Across the board, there is a lower life expectancy and a higher rate of many health problems among communities of color.
That's why the focus of the African American Men's Wellness Walk is to raise awareness and empower people to make decisions that can give them healthier lives.
Thousands of men, women and kids came out to enjoy a walk or 5-k run taking place in Columbus, and Youngstown. 
The African American Men's Wellness walk-in Youngstown is taking steps to close the gap in health disparities to promote healthier and longer lives.
Data shows ethnic minority groups throughout the U.S. have higher rates than whites of illness and death including diabetes, hypertension, obesity, asthma, heart disease, and prostate cancer.
Reverend Louis Macklin started the Youngstown African American Wellness Walk and told 21 News he, volunteers, and sponsors are trying to address and remedy those gaps. 
Some solutions to help reduce the life expectancy gap by four fewer years include access to healthy food with this traveling food truck, pop-up produce shops, and the Glennwood Food Market to increase access to healthier foods. 

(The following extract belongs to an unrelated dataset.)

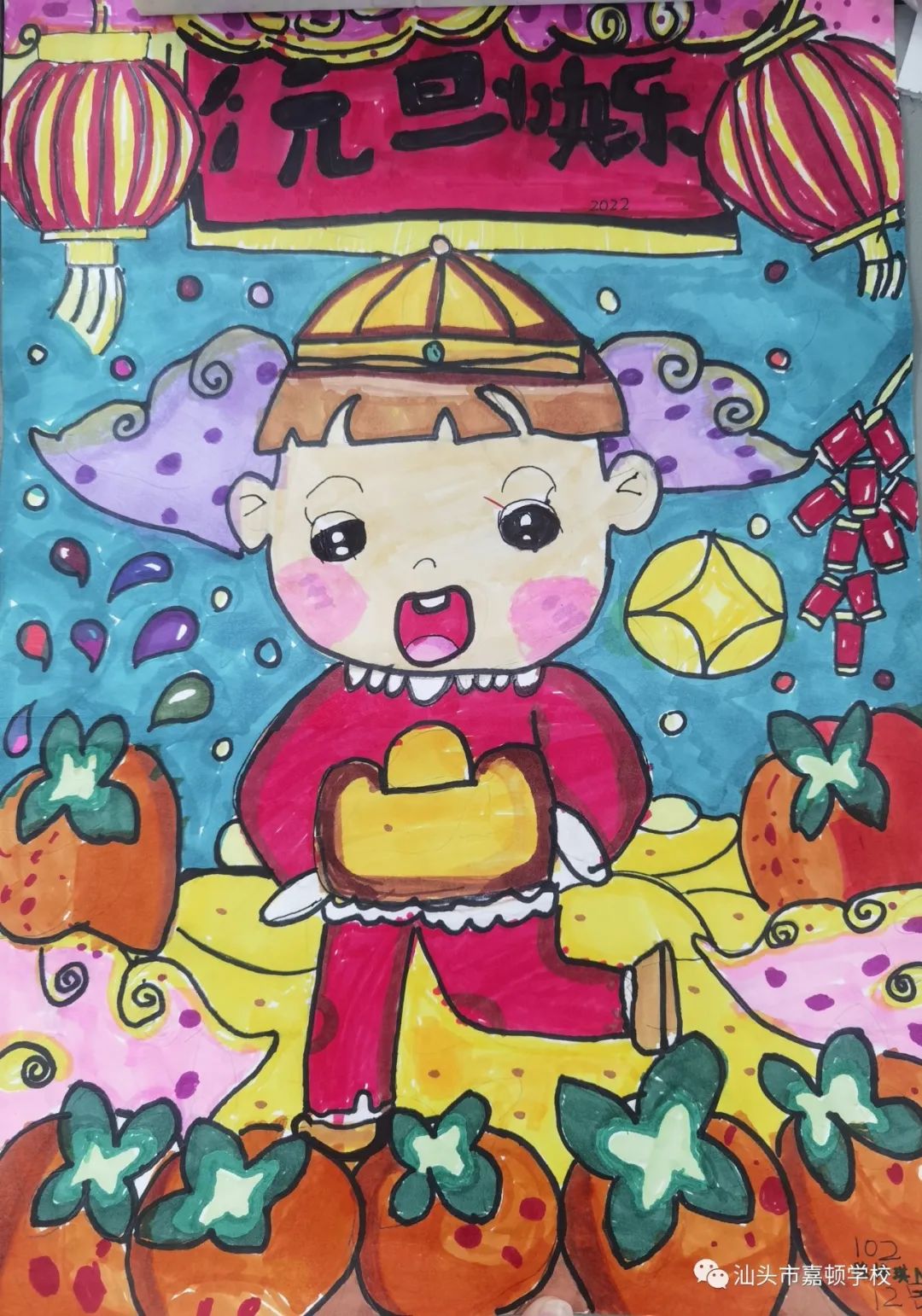 "童心绘梦迎新年" 小学五年级元旦迎春绘画

Another obstacle is getting men to a doctor since screening tests help save lives.
That's where spouses or partners can make a difference.
"Sometimes they may have to make the appointment, take them to the appointment, go with them to the office. When there are health events that offer free screenings take them to the events," said Dr. Lashale Pugh, NE Ohio Black Health Coalition.
.Reverend Macklin says knowing your blood pressure, and other numbers can be critical to avoiding strokes, heart attacks and more. 
"Know your numbers. People play the number power ball, but they will gamble not knowing what their blood pressure is, PSA numbers are, or what their cholesterol or glucose numbers are," said Macklin. 
Macklin says you don't need a gym membership and can walk around the block or community park to build a healthier life for yourself. 
"If you don't have time for exercise and wellness you will find time to be sick, and it's going to cost you more and take more of your time and resources than you deserve," Pastor  Macklin emphasized.